Outcomes were first compared and reported six months after the first surgery. Everyone was followed for at least three years. Some patients were in the study for up to 11 years. They found that reverse shoulder arthroplasty did, indeed, provide better function and results were considered “superior” to that of the hemiarthroplasty.

Healing and recovery seemed to take longer in the hemiarthroplasty group. Younger patients in both groups had the worst function. And patients in the reverse shoulder group had higher rates of complications (e.g., dislocations, infections, ongoing pain, loosening of the socket).

Overall, the results support the use of reverse shoulder arthroplasty (over hemiarthroplasty) primarily for older patients with a degenerative shoulder joint and humeral head collapse from a massive rotator cuff tear. In fact, the authors suggest “use of the reverse shoulder arthroplasty should continue to be restricted to elderly patients.”

This information is just a stepping stone for you. Once you have met with your orthopedic surgeon and received his or her recommendations, they you will have a better idea of your options when making the final decision. We hope this additional information will help in the decision-making process.

You may be pleased to know that many “seniors” are taking aging by the horns and redefining it. Perhaps you’ve heard the expression “60 is the new 40” (referring to age in years). Well, if that’s true then 80 is the new 60 and so on. The Baby Boomers (adults born between 1946 and 1964) have also voted to eliminate the word “elderly” from our vocabulary and substitute “older adult” instead.

Whatever we choose to call today’s modern grandparents, it is clear that they are outliving many of their body parts, including and especially joints. Hip, knee, and shoulder joint replacements are on the rise in this age group. And many older adults are outliving their joint replacements!

In the case of massive rotator cuff tears leading to severe degenerative changes of the shoulder joint, orthopedic surgeons have teamed up with other researchers, engineers, and component parts manufacturers to rethink the mechanics of the shoulder joint and design an artificial shoulder that works in such cases.
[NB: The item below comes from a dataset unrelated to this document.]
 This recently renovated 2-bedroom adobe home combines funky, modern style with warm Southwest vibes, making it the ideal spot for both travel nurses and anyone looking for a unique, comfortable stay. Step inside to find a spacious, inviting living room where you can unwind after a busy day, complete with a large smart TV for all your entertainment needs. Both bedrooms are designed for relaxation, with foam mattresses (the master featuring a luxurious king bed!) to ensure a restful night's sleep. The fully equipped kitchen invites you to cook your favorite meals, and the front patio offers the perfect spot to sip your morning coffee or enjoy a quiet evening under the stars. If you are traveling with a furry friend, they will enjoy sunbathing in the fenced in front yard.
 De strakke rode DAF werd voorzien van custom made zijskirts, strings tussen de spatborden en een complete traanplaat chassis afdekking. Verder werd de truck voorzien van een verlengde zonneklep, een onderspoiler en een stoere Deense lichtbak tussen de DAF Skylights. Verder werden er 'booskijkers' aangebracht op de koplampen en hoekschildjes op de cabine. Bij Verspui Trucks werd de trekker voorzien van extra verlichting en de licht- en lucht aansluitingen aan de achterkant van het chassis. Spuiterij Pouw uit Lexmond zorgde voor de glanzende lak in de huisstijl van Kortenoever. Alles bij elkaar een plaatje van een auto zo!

The solution was to reverse the socket and the ball, placing the ball portion of the shoulder where the socket used to be and the socket where the ball or humeral head used to be. This new design led to a much more stable shoulder joint that could function without a rotator cuff. The artificial joint itself provided more stability by creating a deeper socket that prevented the ball from sliding up and down as the shoulder was raised. The large deltoid muscle that covers the shoulder could be used to more effectively lift the arm, providing better function of the shoulder. The final goal is to have a shoulder that functions better, is less painful, and can last for years without loosening.
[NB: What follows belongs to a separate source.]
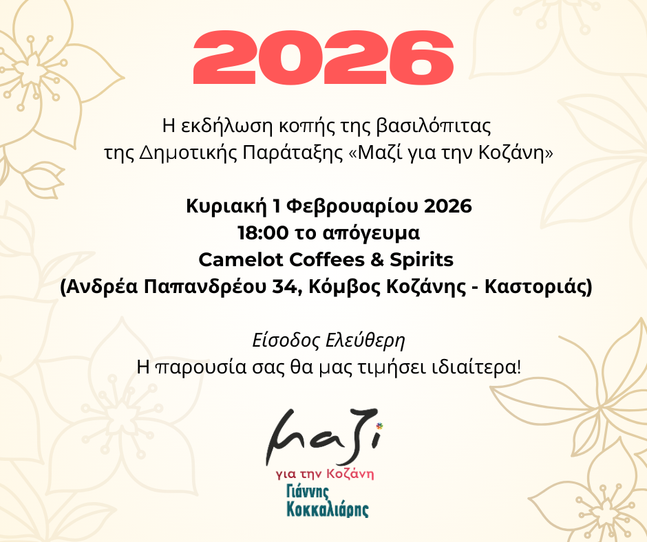 Η Δημοτική Παράταξη «Μαζί για την Κοζάνη» και ο επικεφαλής της Δήμαρχος Κοζάνης Γιάννης Κοκκαλιάρης, σας προσκαλούν στην ετήσια εκδήλωση κοπής της βασιλόπιτας του Συνδυασμού, η οποία θα πραγματοποιηθεί την Κυριακή 1 Φεβρουαρίου 2026 στις 18:00 το απόγευμα, στον ζεστό και φιλόξενο χώρο του Camelot Coffees & Spirits, επί της οδού Ανδρέα Παπανδρέου 34 στον Κόμβο Κοζάνης – Καστοριάς. Είσοδος Ελεύθερη.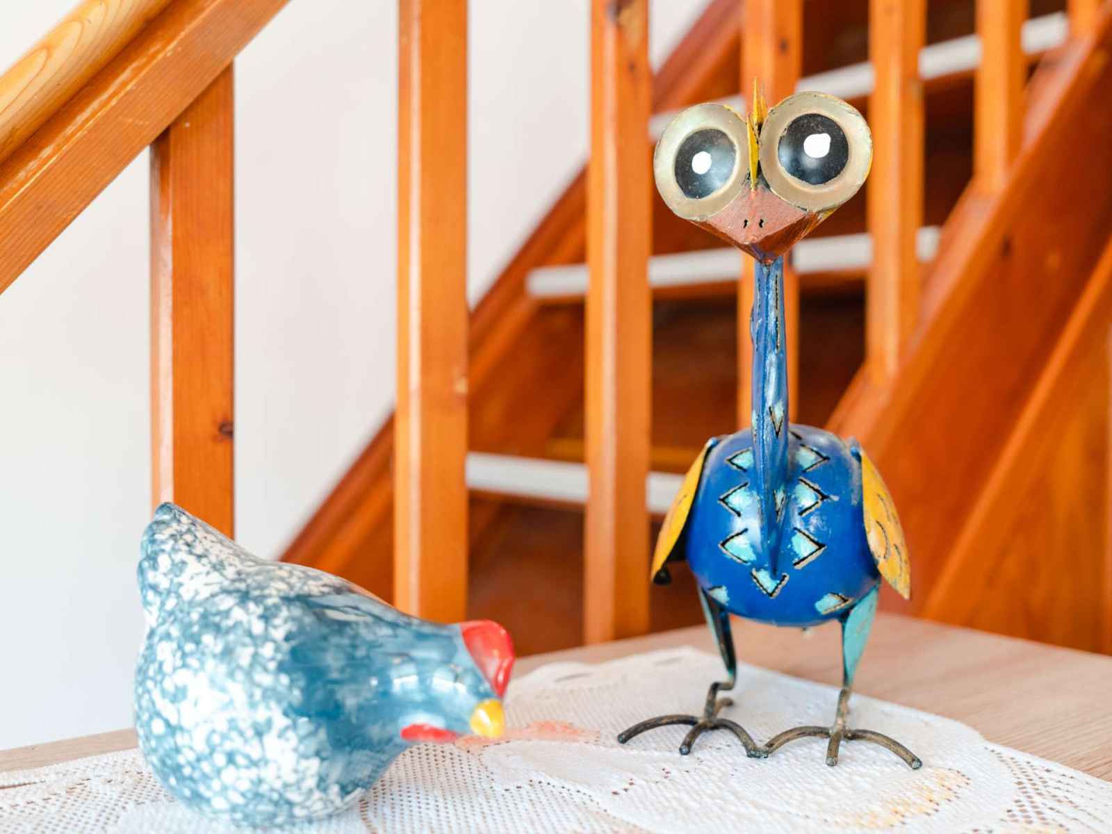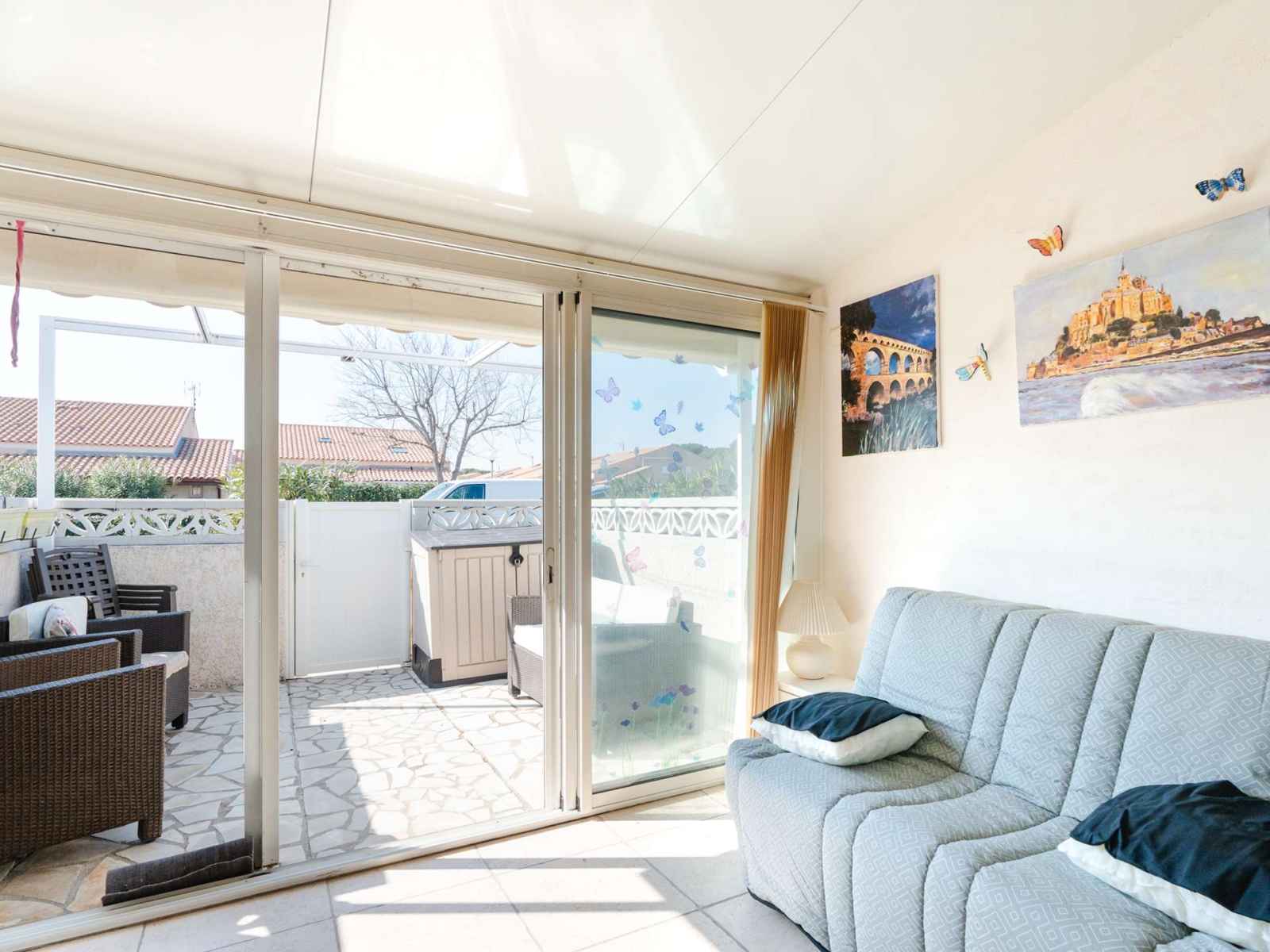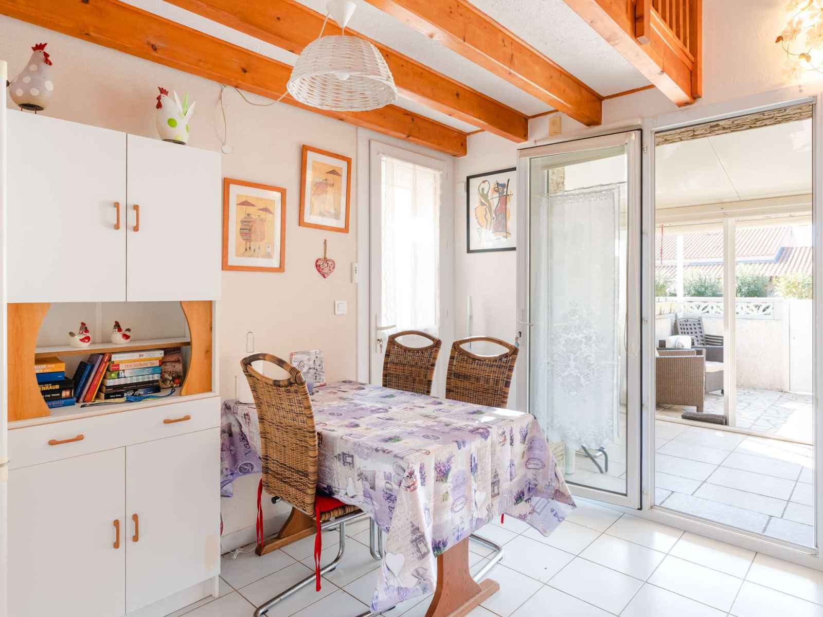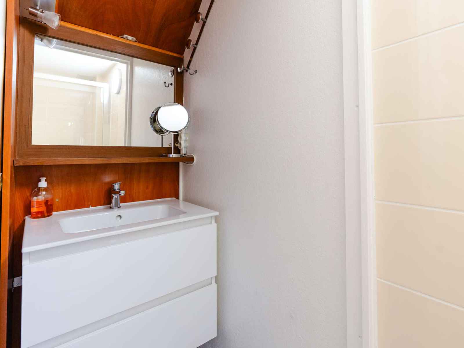 la véranda est équipée d'un canapé clic-clac (couchage 140x190), d'une TV (chaines allemandes et françaises). L'espace cuisine-repas dispose d'une table avec chaises, une commode, et une cuisine équipée (plaque de cuisson 4 feux vitro-céramique, hotte aspirante, cafetière Senseo, grille-pain, bouilloire, réfrigérateur avec compartiment congélateur, four, micro-ondes, lave-linge et lave-vaisselle). La salle d'eau avec douche et WC se situe au rez-de-chaussée.

As with all major operations, complications (including death) are possible. Some studies report that patients receiving reverse shoulder group have higher rates of complications (e.g., dislocations, infections, ongoing pain, loosening of the socket) compared with total shoulder replacement or hemiarthroplasty (only replacing half the joint).

Rsearch results support the use of reverse shoulder arthroplasty primarily for older patients with a degenerative shoulder joint and humeral head collapse from a massive rotator cuff tear. In fact, it has been suggested that the “use of the reverse shoulder arthroplasty should continue to be restricted to elderly patients.”

Regardless of what you call yourself or how you refer to your age group, an orthopedic evaluation is the place to start. There may be simpler nonoperative measures that can be taken to assist you. Or you may be a good candidate for some type of shoulder replacement. For sure, there is no reason for you to suffer debilitating pain and loss of function for the next 20 years!